I hope in time we're both able to forget. She shook her head. "I have something to tell you about that. If you're ready to listen. If you can accept the truth this time, I'll give to you. I told you part of it before, when you couldn't accept it. Maybe enough's happened that now you can."
He folded his arms across his chest and leaned back. "Go ahead. I'm entirely at your mercy."
"The day I pushed you out of the way of that bullet in the jungle, I changed the course of history. You… you were supposed to die, Liam O'Shea, in the Petén in August of 1884."
That pronouncement caught his full attention. "Of course," he drawled. "Your time travel again. That's why you refused to tell me my future."
So he remembered that conversation. "Yes," she admitted. "I knew it could happen any time."
"And you just happened to be there, my savior, when my fate came upon me."
"You were the reason I came to the jungle in the first place, in my own time. That was why I had the photograph, why I recognized you." She braced herself. "You see, I was in the ruins to… make amends for something one of my own ancestors was supposed to have done. To apologize to the… spirit of the man he was supposed to have murdered."
She could see the progression of thoughts behind Liam's mask of indifference, the gradual realization as he began to catch on.
"I don't expect you to understand theories even I can't make sense of," she said. "When I found myself in the past—when I saved your life—everything changed. Because you were alive when you were supposed to be dead, you could go back to San Franciso and marry Caroline. I couldn't let that happen."
He stared at her with eyes as opaque as silver coins. "Why couldn't you, Mac?"
Her heart thumped painfully against the wall of her ribs. "Because my name isn't Rose MacKenzie. It's MacKenzie Rose Sinclair. Perry is my great-greatgrandfather, Caroline is my great-great-grandmother, and if they didn't marry, my family and everything they'd ever done would cease to exist."
It took a moment for her to realize that the sound Liam was making was a laugh—deep, low, wrenched from his gut. "So everything you did was to save the future of the Sinclairs. But there's one thing I still don't understand. It would have been so much easier to let me die as I was meant to." He leaned forward, ignoring his wounds and the pain they must have caused. "Why did you save my life?"

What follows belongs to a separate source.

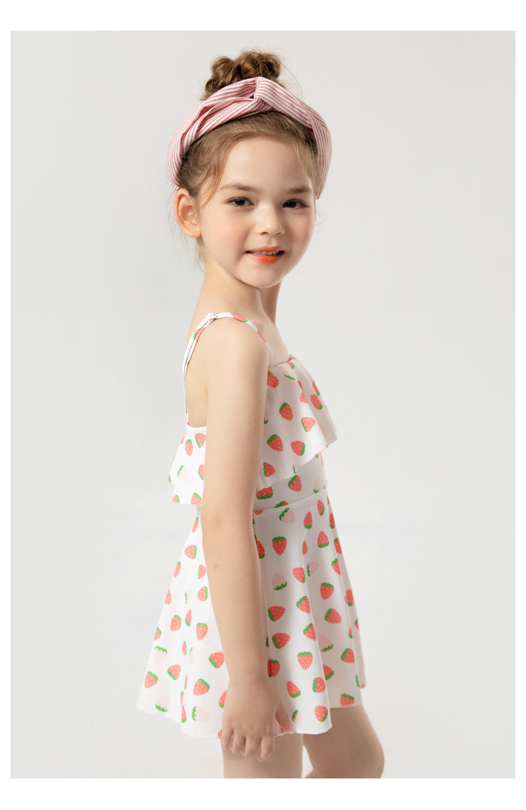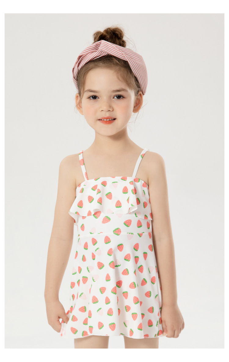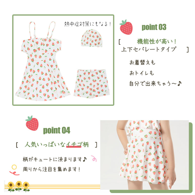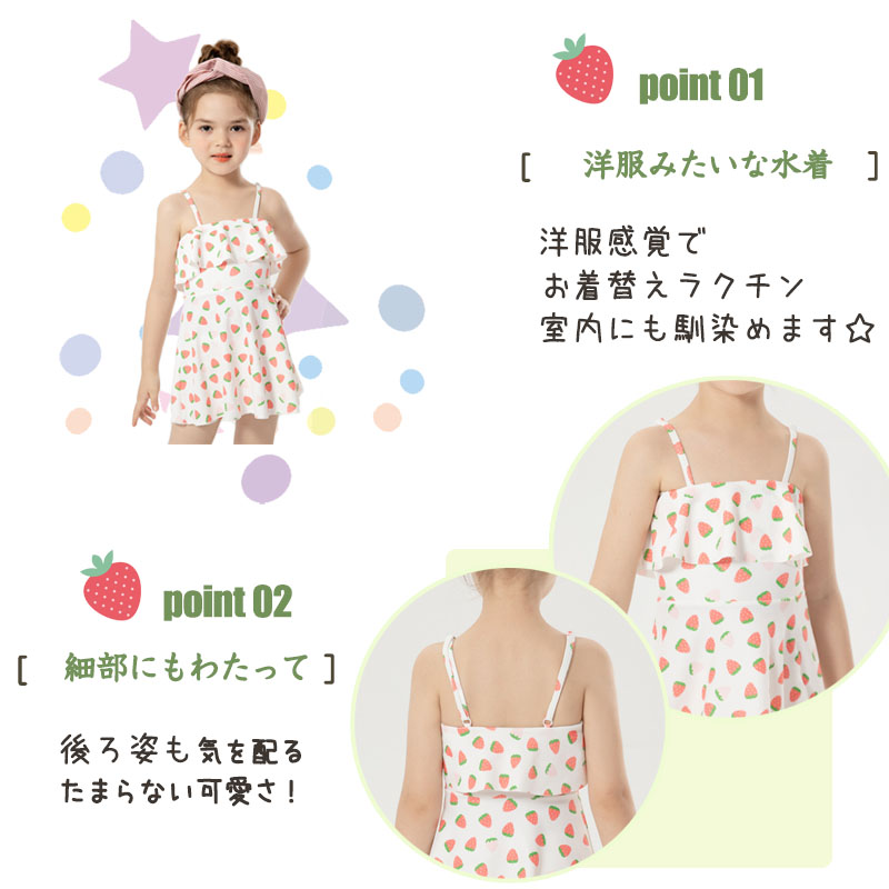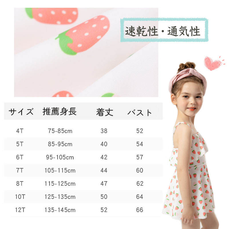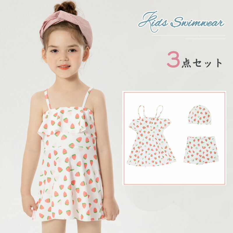 子供水着 キャップ付き ワンピース 上下セット水着 イチゴ サスペンダー 子ども ジュニア 水着 紫外線対策 女の子 ガールズ ジュニア キッズ 子供 キッズ 水着 子ども用 水着 スクール水着 みず

"Because damn it, I—" She lifted her chin. "I couldn't just stand there knowing a man was about to die and not try to stop it."
Liam settled back slowly. His eyes closed—in pain, she thought. She'd pushed him too hard.
But he smiled. "The Sinclairs are such a noble breed. Where would the world be without them? It seems I have only to thank you for your devoted care. I couldn't have survived without it, let alone ordered my own life, which you tell me shouldn't have continued beyond that day in the jungle." He snorted. "How heavy a responsibility I must have been for you, Mac. You sacrificed even yourself in the pursuit of it. My apologies."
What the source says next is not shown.